'''
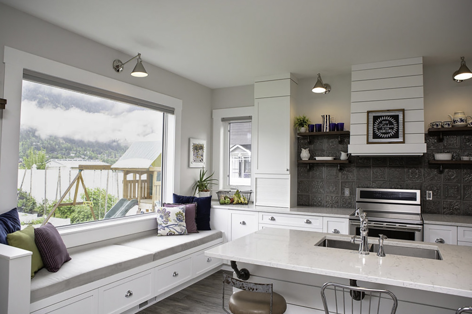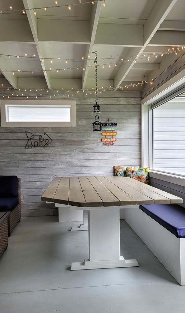 We added on to the back of the house to create a large kitchen, dining, dancing area.
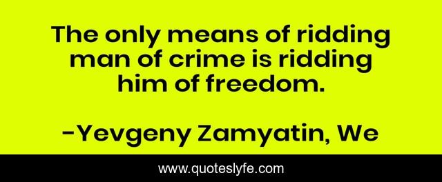 This page presents the quote "The only means of ridding man of crime is ridding him of freedom.". Author of this quote is Yevgeny Zamyatin, We. .
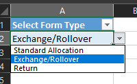 = LET( tableIndices, SWITCH(formType, "Standard", {2,3,4}, "Exchange", {5,8}, "Return", {1,6,7,9}), CHOOSECOLS(table, tableIndices) )This formula would return a dynamic array.
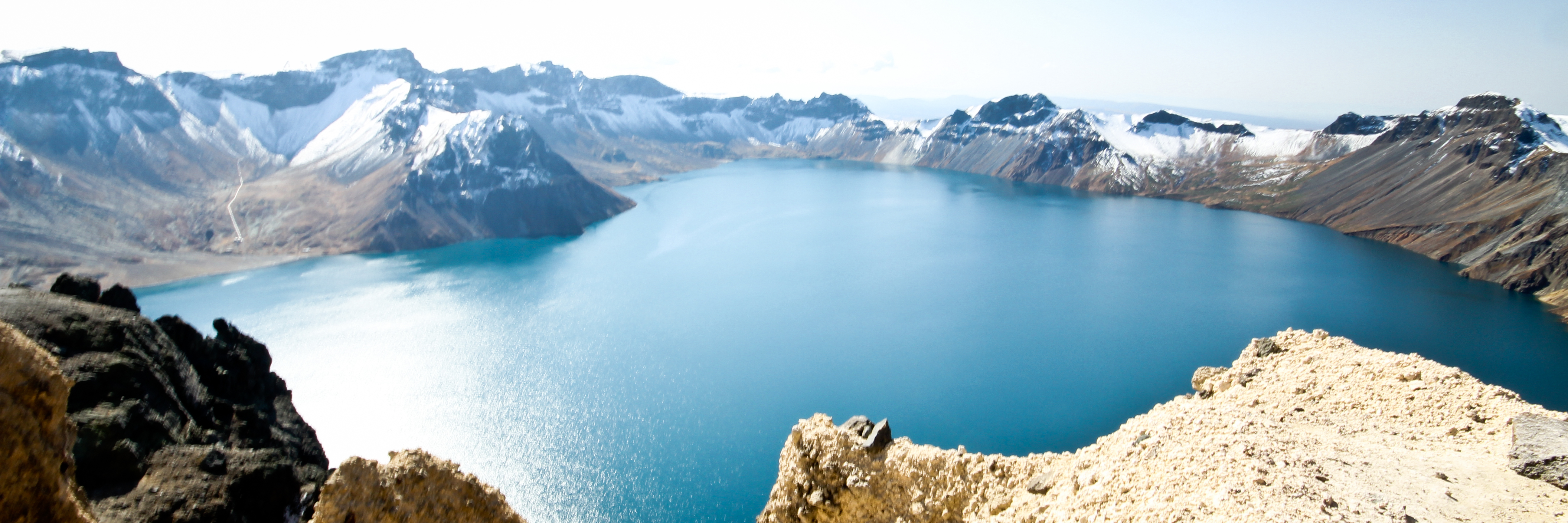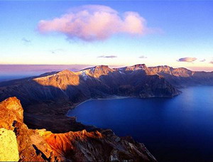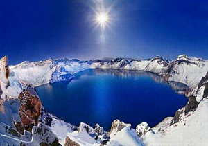 Changbaishan is a mountain that lies on the border of North Korea and China (in Jilin Province). It is a dormant volcano with a lake in the middle (sort of like our Crater Lake in Oregon). Here’s a photo I stole from a website:
'''
**YOUR TASK**
Reprint the listing above exactly, without images.

**OUTPUT FOR THIS EXERCISE**
 We added on to the back of the house to create a large kitchen, dining, dancing area.
 This page presents the quote "The only means of ridding man of crime is ridding him of freedom.". Author of this quote is Yevgeny Zamyatin, We. .
 = LET( tableIndices, SWITCH(formType, "Standard", {2,3,4}, "Exchange", {5,8}, "Return", {1,6,7,9}), CHOOSECOLS(table, tableIndices) )This formula would return a dynamic array.
 Changbaishan is a mountain that lies on the border of North Korea and China (in Jilin Province). It is a dormant volcano with a lake in the middle (sort of like our Crater Lake in Oregon). Here’s a photo I stole from a website:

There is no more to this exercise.